La lucha del hombre contra el hombre, según fuentes fidedignas

cercanas al Ministerio del Interior,

será nacionalizada en su momento, hasta la última gota de sangre. 

Saludos de Thomas Hobbes. 

Una guerra civil librada con armas desiguales: la declaración de impuestos de un hombre

es la cadena de la bicicleta de otro. Envenenadores e incendiarios 

deberán organizar un sindicato para proteger su puesto de trabajo. 
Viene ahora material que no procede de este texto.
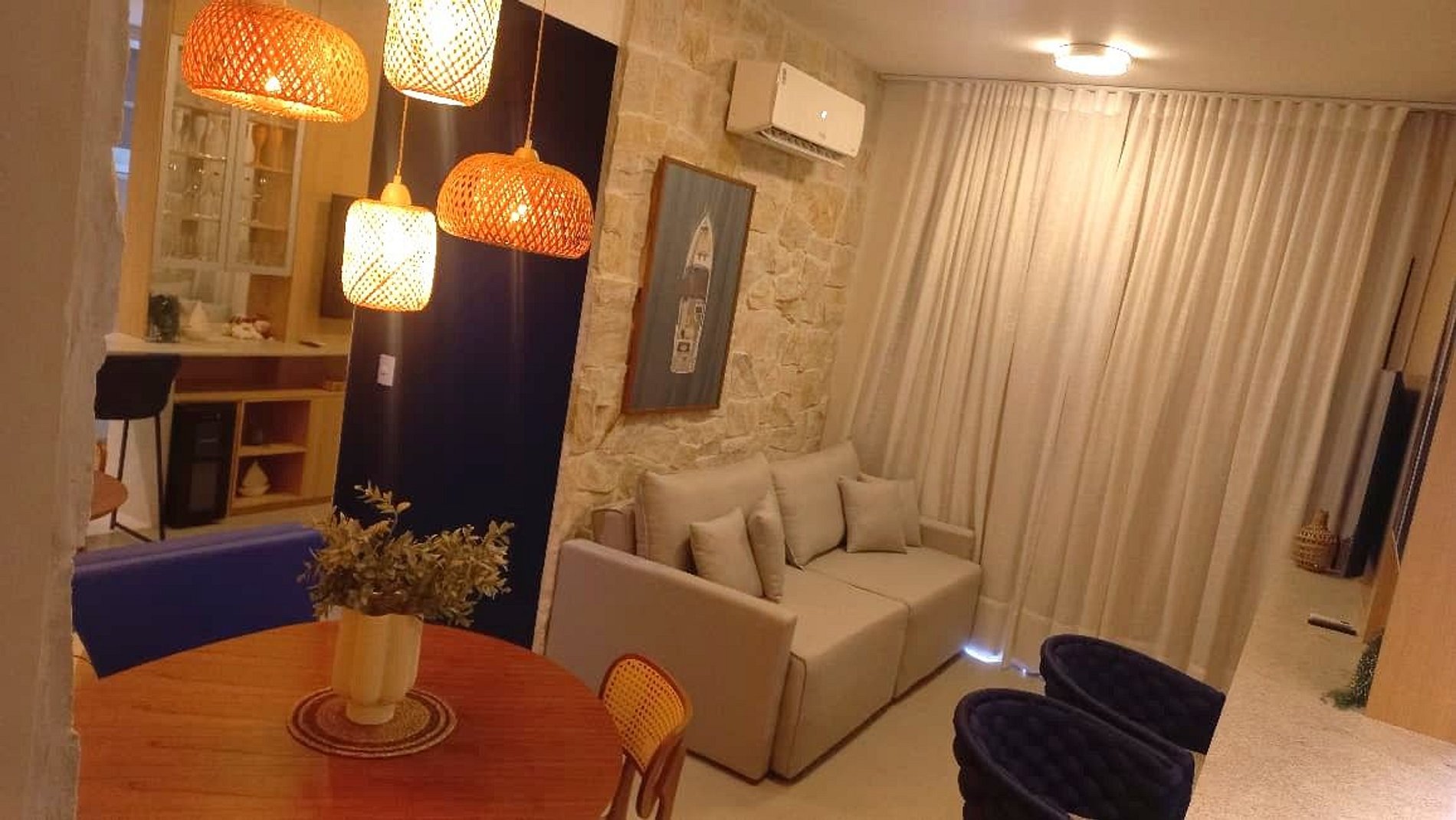- Sala de estar com sofá, Smart Tv e ar-condicionado;

Nuestro servicio carcelario

es abiertamente liberal.

Ofrecen El Sistema de Ayuda Mutua

en el Mundo Natural, de Kropotkin, encuadernado en plástico negro, lavable, como un manual de estudios.

Magro consuelo. 

Para desaliento nuestro, nos hemos enterado de que no existe la justicia, y más aún,

para nuestro mucho mayor desaliento,

fuentes informadas rebosantes de placer 

nos han comunicado

que nada remotamente parecido puede o debe existir, ni existirá jamás. 

Todavía no está claro

dónde reside la culpa. ¿En el pecado original?
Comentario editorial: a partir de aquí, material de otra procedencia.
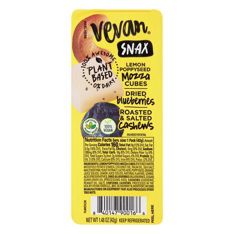 Vevan Snax, Lemon Poppyseed Mozza Cubes, Dried Blueberries, Roasted & Salted Cashews - 1.48 Ounces
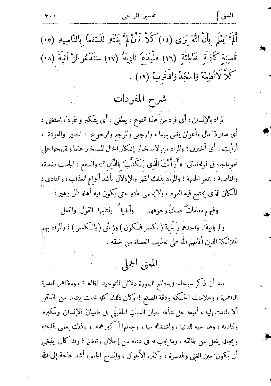 أي صار ذا مال وأعوان يغنى بهما، والرجعى والمرجع والرجوع: المصير والعودة، أرأيت: أي أخبرنى والمراد من الاستخبار إنكار الحال المستخبر عنها وتقبيحها على نحو ما جاء فى قوله تعالى: «أَرَأَيْتَ الَّذِي يُكَذِّبُ بِالدِّينِ؟» والسفع: الجذب بشدة والناصية: شعر الجبهة والمراد بذلك القهر والإذلال بأشد أنواع العذاب، والنادي:

¿En la genética? ¿En los cuidados a los recién nacidos? ¿La falta de educación sentimental?

¿El capitalismo? ¿Una dieta poco saludable?

¿El diablo? ¿El machismo? 

 

Averiguarlo sería bueno, sería

un bálsamo en las heridas de la Razón. Lamentablemente, no podemos abstenernos de violentarnos, de crucificarnos unos a otros en el cruce más próximo

y de engullir después los despojos. 

Estamos molestos, pero no sorprendidos por nuestras diarias atrocidades.

Lo que nos anonada

es la tácita ayuda, 

la generosidad infundada y la dulzura angelical. 

Es hora ya, por lo tanto,

de exaltar con verbo encendido

al camarero que escucha horas enteras

los lamentos del hombre impotente;

la misericordia del representante de galletas que rompe a última hora

la orden de ejecución; 

a la beata que oculta

inesperadamente al desertor que llama a su puerta; y al secuestrador, súbitamente fatigado,

que renuncia a su enmarañada tarea

con una débil sonrisa de complacencia. 

Dejamos el periódico encogiendo los hombros, llenos de alegría, la alegría

que sentimos cuando termina la película,

se encienden las luces en la sala de cine, afuera la lluvia ha cesado, y anhelamos 

dar una calada al cigarrillo. 

 

(Fuente: El hundimiento del Titánic, Edit. Anagrama, Barcelona 1986. Traducc. de Heberto Padilla)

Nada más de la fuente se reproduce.